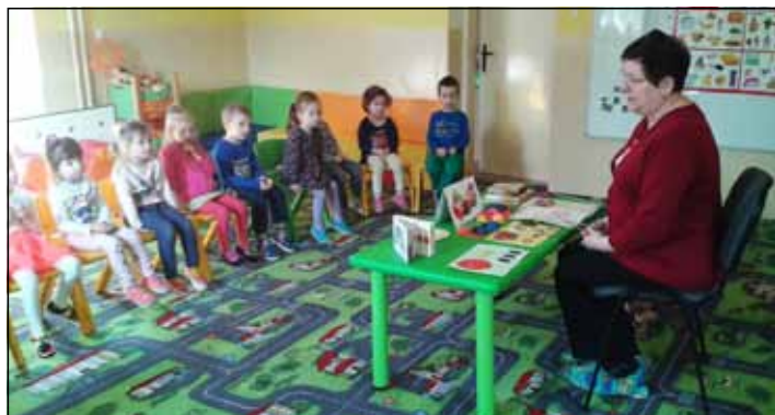
Deti prežili rozprávkové dopoludnie
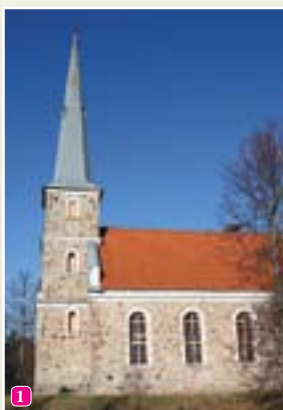
Mazirbes luterāņu baznīca

22 Bijusi kroga vieta – Ūbelēs, Mazirbes – Cirstes ceļa malā.
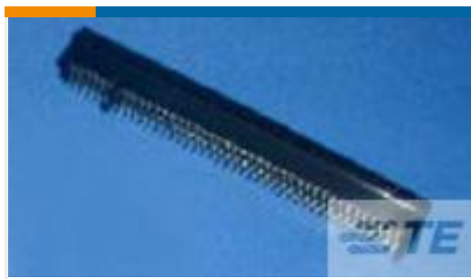
TE 产品编号 1734774-1 PCI EXP 3.1L 36 POS WHT G/F
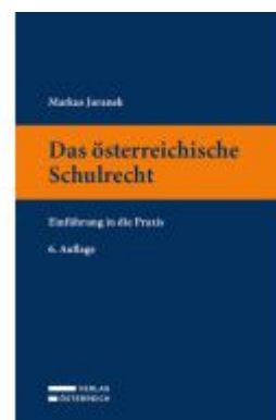
Das österreichische Schulrecht Ladenpreis: 49,00EUR
____________________
What to produce
Repeat each line word for word, from the one with "Mazirbes luterāņu baznīca" down to the last line of the data, and keep the pictures out of it.

Written answer
Mazirbes luterāņu baznīca

22 Bijusi kroga vieta – Ūbelēs, Mazirbes – Cirstes ceļa malā.
TE 产品编号 1734774-1 PCI EXP 3.1L 36 POS WHT G/F
Das österreichische Schulrecht Ladenpreis: 49,00EUR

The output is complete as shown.